§ **WHAT TO DO**
Starting with the first line of the listing, quote each line exactly until and including the one with "Home >  Quinceanera Dresses >  Detachable", leaving pictures out.
--- RECORDS FOR THE EXERCISE Enclosed Below ---
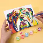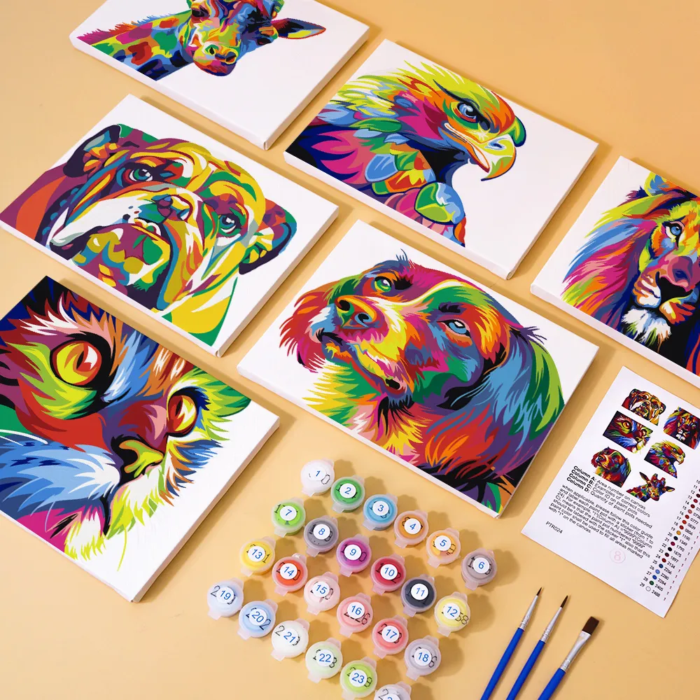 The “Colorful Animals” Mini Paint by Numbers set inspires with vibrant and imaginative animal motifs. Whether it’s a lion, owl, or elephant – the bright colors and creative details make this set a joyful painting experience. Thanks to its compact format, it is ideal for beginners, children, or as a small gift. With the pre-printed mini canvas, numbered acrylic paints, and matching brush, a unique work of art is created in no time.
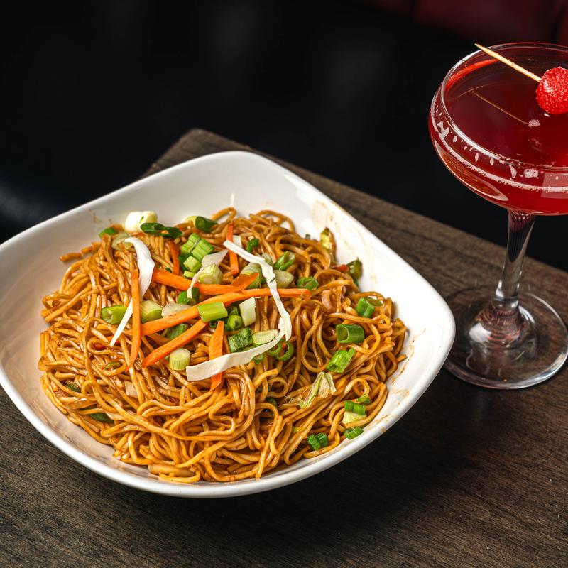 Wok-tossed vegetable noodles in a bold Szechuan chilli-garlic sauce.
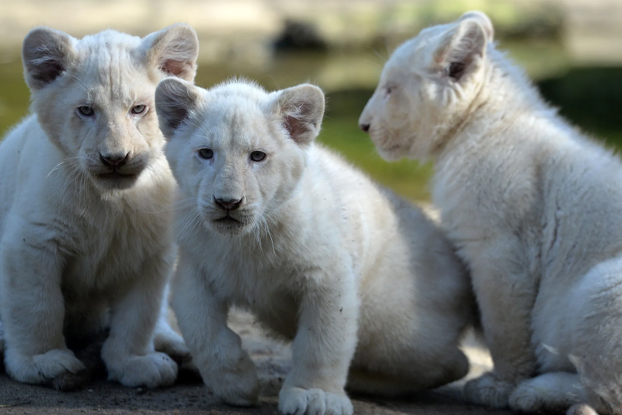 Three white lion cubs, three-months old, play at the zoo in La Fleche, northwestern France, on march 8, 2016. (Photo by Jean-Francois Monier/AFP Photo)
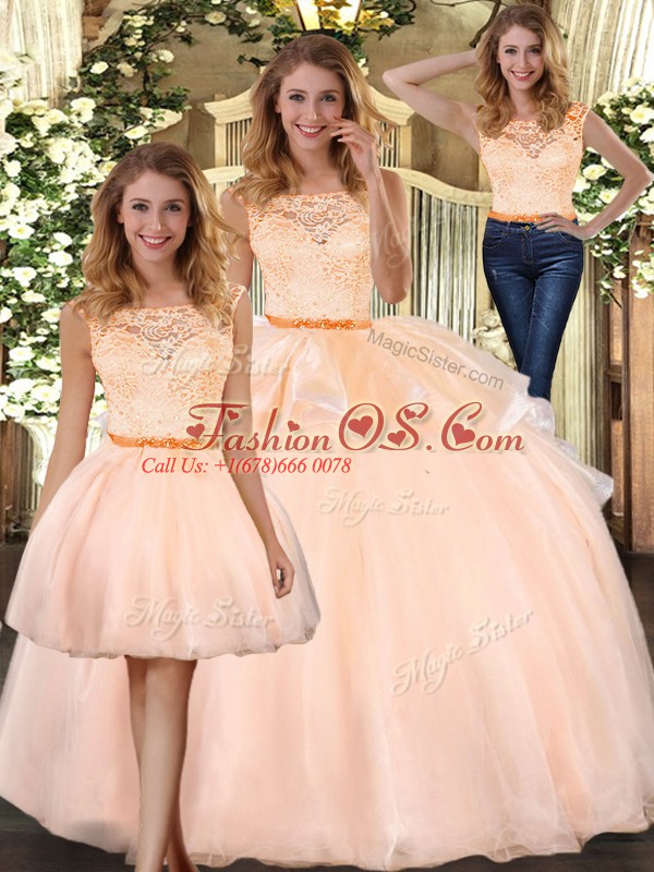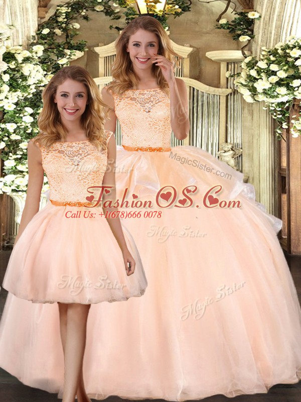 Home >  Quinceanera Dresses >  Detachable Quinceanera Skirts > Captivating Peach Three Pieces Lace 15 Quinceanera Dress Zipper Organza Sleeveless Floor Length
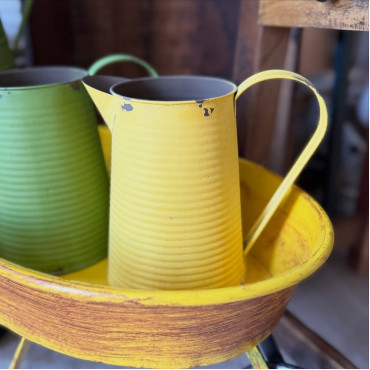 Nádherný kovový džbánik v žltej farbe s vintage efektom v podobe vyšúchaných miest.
--- End of Enclosed RECORDS FOR THE EXERCISE ---
§ **SOLVED EXERCISE**
 The “Colorful Animals” Mini Paint by Numbers set inspires with vibrant and imaginative animal motifs. Whether it’s a lion, owl, or elephant – the bright colors and creative details make this set a joyful painting experience. Thanks to its compact format, it is ideal for beginners, children, or as a small gift. With the pre-printed mini canvas, numbered acrylic paints, and matching brush, a unique work of art is created in no time.
 Wok-tossed vegetable noodles in a bold Szechuan chilli-garlic sauce.
 Three white lion cubs, three-months old, play at the zoo in La Fleche, northwestern France, on march 8, 2016. (Photo by Jean-Francois Monier/AFP Photo)
 Home >  Quinceanera Dresses >  Detachable Quinceanera Skirts > Captivating Peach Three Pieces Lace 15 Quinceanera Dress Zipper Organza Sleeveless Floor Length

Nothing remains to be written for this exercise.